2 dicembre 2010, 07:35

M.B. Mica è poco entrare in un resoconto di viaggio e trovarsi di fronte, in apertura, alla
saggezza mite e meravigliosa di Francesco, di Jeshu o di Buddha.
A volte mi chiedo però se questa perfezione morale non sia troppo lontana dalla natura
umana, se l’aspirazione a trascendere il conflitto da un punto di vista superiore non finisca col
togliere dalla mischia le persone migliori, che invece potrebbero battersi in vista di un qualche
risultato.
Semplicemente per regolarlo, il conflitto, per ricondurlo entro termini accettabili, per
impedirgli di realizzarsi attraverso la sanguinosa violenza che deturpa quelle regioni e gli
uomini che ci devono vivere, o che hanno scelto di viverci.
In questo caso più che dimenticarsi del filtro del passato, occorrerebbe riappropriarsi del
passato da punti di vista nuovi, reinterpretarlo, per farlo uno strumento di mediazione,
anziché di contrasto sanguinoso.
Non che creda plausibile in Medio Oriente e in Libano neppure questa prospettiva, però mi
piacerebbe sapere che cosa ne pensi tu, ma non tu come espressione di un punto di vista
personale, tu come osservatrice della situazione.
Così magari ci ricordi anche chi sono i maroniti, in che forme si attua la pressione siriana,
come è il governo attuale del Libano.
buona fortuna, e non pensare neppure troppo a queste domande!

2 dicembre 2010 , 09:56:


M. Ah ah… spiritoso!
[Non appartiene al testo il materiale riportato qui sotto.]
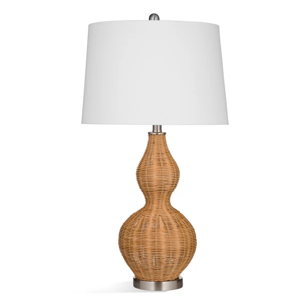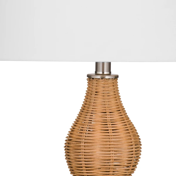 The Emeri Table Lamp is crafted of metal and natural rattan.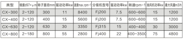 CX-1超细粉碎机广泛的适应性不仅是由于具备机械式柔和破碎以及大量空气流动形成的冷磨效果,同时也归功于气流分级机具有优越的分级性能,分级性能如下: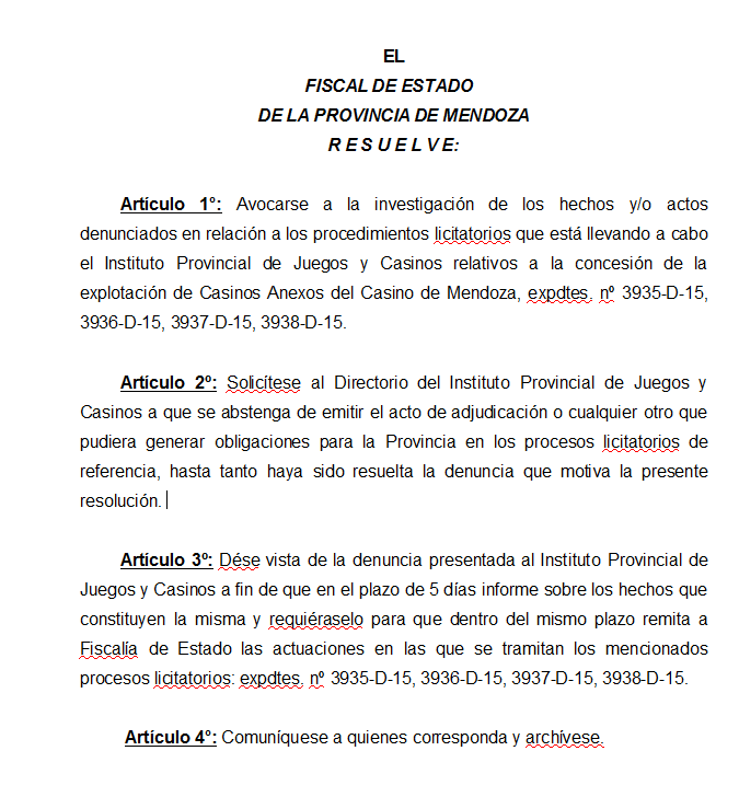 La Fiscalía, entonces, decidió que el Casino no haga nada con el proceso licitatorio, salvo no adjudicar, "hasta que haya sido resuelta la denuncia". En tanto, le pidió a las autoridades del IPJC que "en un plazo de 5 días informe sobre los hechos" denunciados en su presentación por los referentes legislativos de la UCR.

Non dovrei pensare troppo a queste domande! Ecco l’effetto George
Lakof: “cosa pensi se ti dico: non pensare all’elefante?”
Ma ti rendi conto? Realizzo inshalla un sogno lungo quasi sei anni. Grande arte l’attesa,
direbbe Penelope! Maroniti, dire chi sono mentre dalla radio arriva la musica dei Bee Gees…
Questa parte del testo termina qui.